Russian Foreign Minister Sergei Lavrov has said he thinks the United States will not strike North Korea because it knows Pyongyang possesses nuclear weapons.
"The Americans won't carry out a strike on [North] Korea because it's not that they suspect, they know for sure that it has nuclear bombs," Lavrov said in an interview with Russia's NTV television that aired on September 24.
"I'm not defending North Korea, I'm just saying that almost everyone agrees with such an analysis," he added.
Tensions have been on the rise recently over North Korea's nuclear tests.
Earlier this month, North Korea carried out an underground test on a hydrogen bomb estimated to be 16 times the size of the bomb the U.S. dropped on Hiroshima in 1945.
In response, U.S. Air Force B-1B Lancer bombers escorted by fighter jets flew in international airspace over waters east of North Korea on September 23. The flight was the farthest north of the demilitarized zone separating North and South Korea that any U.S. fighter jet or bomber has flown in the 21st century.
"Regarding this issue, President [Vladimir] Putin has repeatedly said it was impossible to imagine that the U.S., or someone else, has 100 percent information on all of the [nuclear] weapons" North Korea may have, Lavrov said.
In his first address to the UN General Assembly on September 19, U.S. President Donald Trump called leader Kim Jong Un a "Rocket Man" on a "suicide mission," while North Korean Foreign Minister Ri Yong Ho told the same venue that Trump is a "mentally deranged person full of megalomania," who poses "the gravest threat to international peace and security today."

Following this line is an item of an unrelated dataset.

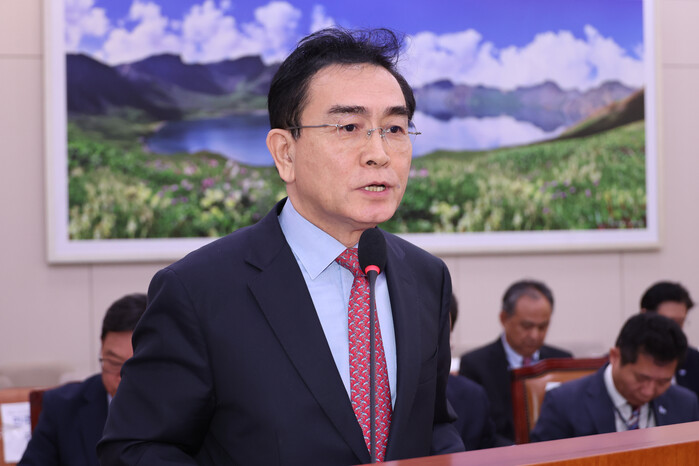 태영호 민주평화통일자문회의 사무처장이 8일 국정감사 현장에서 장남의 사기 혐의에 관해 "물의를 일으켜 송구하다"고 머리를 숙였다.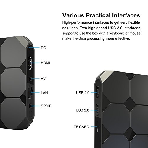 Studio : ESHOWEE Publisher : ESHOWEE Binding : Electronics Product Description Hardware Specifications: CPU:Amlogic S905W up to 2.0 GHz, Quad core ARM Cortex-A53 GPU:Mali-450 penta-core, up to 750MHz (DVFS) SDRAM:2GB DDRIII FLASH:16GB EMMC Flash WiFi:Built in 2.4G WiFi Support IEEE 802.11 b/g/n LAN Ethernet:10/100MRGMII Main Features: OS:Android 7.1 Video decorder:H.265 4K @60fps 10btis, VP9 Profile 2, H.264 4K @30fps, AVS 1080P @60fps Video encorder:H.264 1080P @60fps HDR:HDR 10, HLG HDR OTA£ºSupport OTA update SDHC/SDXC:Support Decoder format:HD MPEG1/2/4,H.265/HEVC , HD AVC/VC-1,RM/RMVB,Xvid/DivX3/4/5/6 ,RealVideo8/9/10 Media format:Avi/Rm/Rmvb/Ts/Vob/Mkv/Mov/ISO/wmv/asf/flv/dat/mpg/mpeg Music format:MP3/WMA/AAC/WAV/OGG/DDP/TrueHD/HD/FLAC/APE Photo format:HD JPEG/BMP/GIF/PNG/TIFF Network Function£ºMiracast,,Airplay,Skype chatting,Picasa,Youtube,Flicker,Facebook,Online movies,etc. Language£ºChinese,English ,Germany ,Japanese, Korea 24 languages etc. Port Specifications£º 1* HDTV output 2.0 4K*2K @ 60Hz 2* High speed USB 2.0,support U DISK and USB HDD 1* TF CARD Support 1~32GB 1* Micro SD card 1* 3.5 Phone out CVBSL/R output 1* RJ45 LAN Ethernet 10M/100M 1*DC 5V/2A Package included£º 1* R1 Tv Box 1* Adapter 1* IR remote control 1* HDTV Cable 1* User Manual

Lavrov, who in a speech to the United Nations on September 22 characterized the rhetoric as "a kindergarten fight between children," said that if the United States hasn’t considered the North actually possessing nuclear weapons, “the situation could spiral out of control, so that thousands, dozens of thousands, or even hundreds of thousands of innocent people will suffer in South Korea, as well as in the North, certainly in Japan, with Russia and China nearby too.”
Russia’s top diplomat urged "suggestion and persuasion" to resolve the situation.